Charly wastes no time trying to erase all traces of Samantha. With a little blonde hair dye and dark make-up, she goes from smiling sweetheart to sexy badass. It’s sort of like Ally Sheedy’s makeover from The Breakfast Club in reverse. But Charly’s transformation doesn’t end there. Try as she might, she can’t bury the last eight years of caring for people and being loved. She has to reach out when her daughter or Mitch are in trouble. The mixing of her two sides creates the best version of Charly. It becomes her secret weapon against the main bad guy, Timothy (Craig Bierko). He has the same icy confidence as Charly, but he’s perfectly willing to blind and cripple a child to get what he wants. He only sees her new attachments as a weakness. To Charly, they are a motivation. Never come between a mama bear and her cub, especially when the bear is a highly trained assassin.

I like the way the new and improved Charly takes advantage of her secret Mommy skills. She speed skates across a frozen pond to gun down a car of bad guys (sort of like that Olympic event where they ski then target shoot, only better). She smuggles a flammable liquid in Caitlin’s squeeze-and-pee doll. As they are escaping a compound full of mercenaries, she comforts her daughter by telling her, “Oh no, baby, you’re not going to die. They are.”

Dialog is Shane Black’s weapon of choice, and rarely has it been sharper.  Even the purposefully goofy bits are funny. Charly’s former handler, crusty old Nathan (Brian Cox) gets some of the best zingers. As Mitch is going on animatedly about having just jumped out a high-story window, Nathan replies “Yes, it was very exciting, and tomorrow we go to the zoo.” A couple of times the bad guys say something clichéd, but I’m not sure it’s just because they weren’t cool enough to get the good lines. The action is pretty solid for the time (post Die Hard, pre Matrix). It sticks to gunplay over fisticuffs, though Davis does get to perform a few fast, brutal take downs. Charly/Samantha is a very physical role, and Davis excels at it, using her height and grace to maximum effect. Harlin was so taken by her that he married her three years prior.
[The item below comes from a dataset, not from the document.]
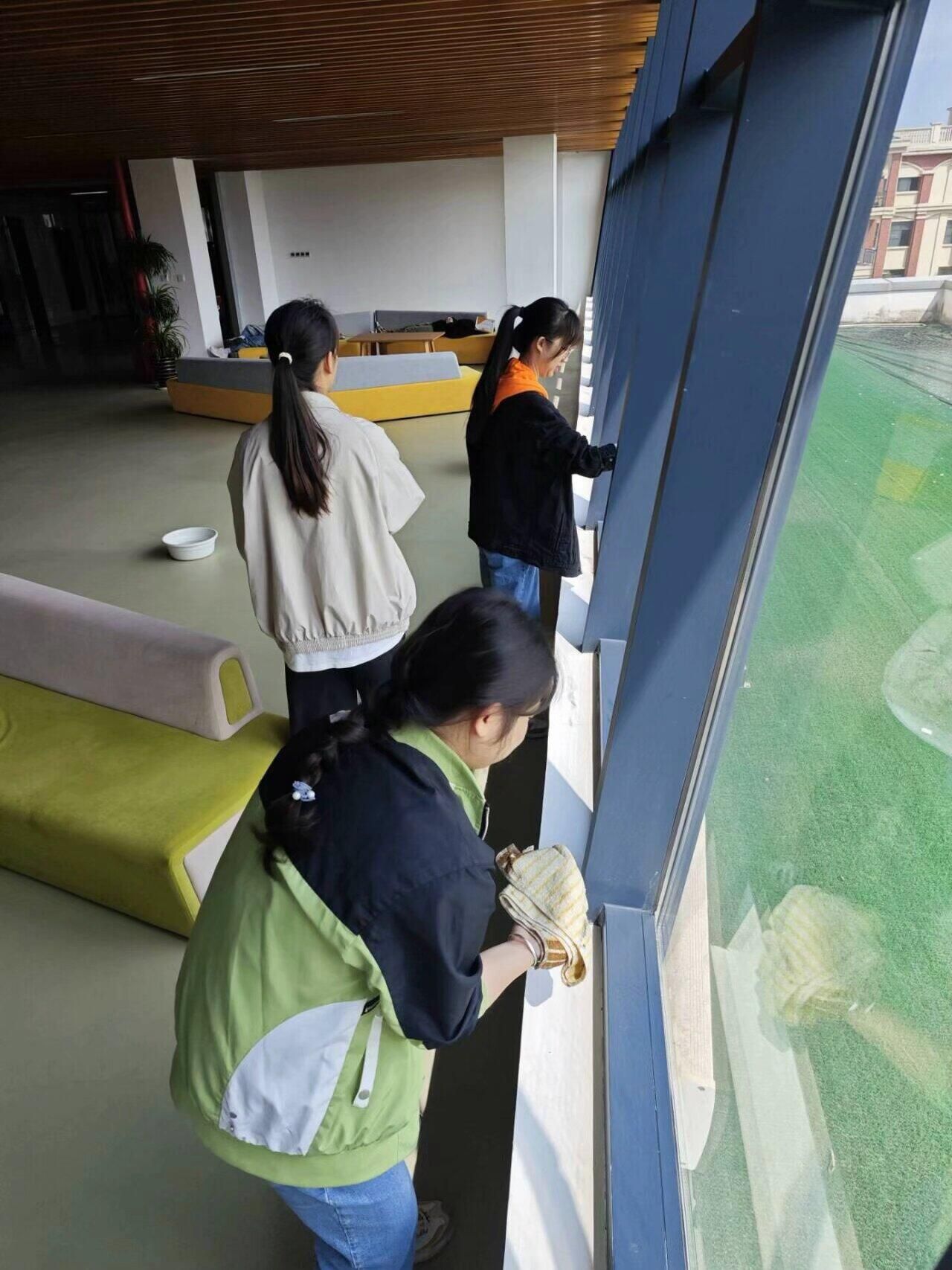 同学们分成两组分别在图书馆5楼和7楼进行清扫工作,劳动过程中,全体同学热情高涨、有序分工、协同合作,大家不怕脏不怕累,纷纷拿起扫帚、抹布等工具,对图书馆5楼和7楼,从墙面、玻璃门窗、书架到地面卫生进行了逐一擦洗、彻底清扫,确保无积存灰尘和卫生死角,还认真整理了书籍。活动结束后,大家纷纷表示,今后要继续开展学雷锋活动,尽自己的力量为广大同学们服务。

And no, she wasn’t a secret super spy.

SLJ A-Okay

With the director of Die Hard 2 and Cliffhanger, it goes without saying that there are copious pyrotechnics on display, but I am happy to confirm the heroes both run and drive away from separate rolling fireball explosions. The second is large enough to take out a bridge, a customs checkpoint, a significant portion of the highway, and inspire a priceless Sam Jackson “Shut the fuck up and let me drive” glare at a backseat driver.

Hold on Just a Minute!

Robert Altman’s The Long Goodbye is playing on TV at one point, a sly acknowledgement that it will be impossible not to mix up the titles of these movies every time you try to talk about them.

Choice Dialogue

Charly’s “Die screaming, motherfucker” line at the end is just a hair under “Get away from her, you bitch!” as far as triumphantly satisfying cinematic moments go.  However, the scene that sets it up is even better.

Charly: (commenting on Timothy’s unerring ability to detect a lie): “This ain’t over.  You’re going to die screaming, and I’m going to watch.  Am I telling the truth?”
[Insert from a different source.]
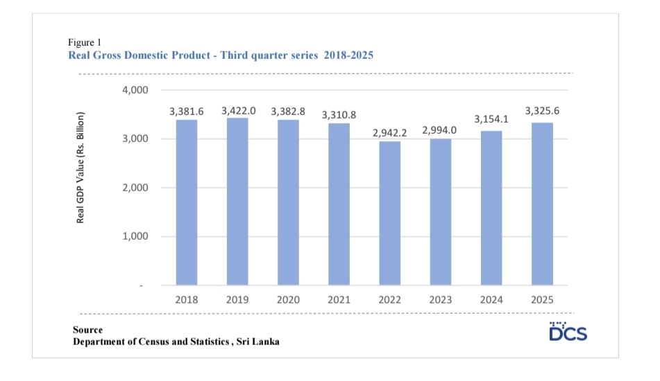 Sri Lanka’s economy grew by 5.4 percent in the third quarter of 2025, driven by positive performance across agriculture, industry and services, according to the Department of Census and Statistics .

(Timothy’s cocky smile falters)

If you can intimidate a ruthless psychopath surrounded by armed goons as he locks you in a meat locker to freeze to death, you are one serious badass.
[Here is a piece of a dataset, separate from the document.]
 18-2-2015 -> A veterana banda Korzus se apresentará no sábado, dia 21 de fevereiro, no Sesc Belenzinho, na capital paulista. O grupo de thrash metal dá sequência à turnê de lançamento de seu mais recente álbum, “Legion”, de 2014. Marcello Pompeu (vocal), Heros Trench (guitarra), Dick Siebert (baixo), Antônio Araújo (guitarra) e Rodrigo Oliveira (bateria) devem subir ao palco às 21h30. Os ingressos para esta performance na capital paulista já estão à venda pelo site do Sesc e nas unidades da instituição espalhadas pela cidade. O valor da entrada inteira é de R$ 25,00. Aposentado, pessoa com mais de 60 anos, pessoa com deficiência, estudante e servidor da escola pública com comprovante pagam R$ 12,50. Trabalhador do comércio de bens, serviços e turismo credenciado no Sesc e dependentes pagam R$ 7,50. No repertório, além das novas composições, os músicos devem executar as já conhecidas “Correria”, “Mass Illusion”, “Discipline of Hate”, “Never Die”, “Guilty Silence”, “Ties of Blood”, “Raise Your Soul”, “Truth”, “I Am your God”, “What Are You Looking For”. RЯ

There are few movies I have yearned for a sequel to more than . Alas, the continuing tales of Charly and Mitch can only be found in my heart, and perhaps a few fanfic stories on my computer. The principle players haven’t spent all their time pining like me. Davis went on to be the President of the US (only on TV, regrettably), Harlan explored the nuances of shark/human relations in Deep Blue Sea, Sam Jackson continues to exceed the heights of stardom, and though Shane Black’s dialog wit became even sharper in Kiss Kiss Bang Bang and The Nice Guys, he’s yet to come up with a dead sexy, dead-eyed ass kicker like this one.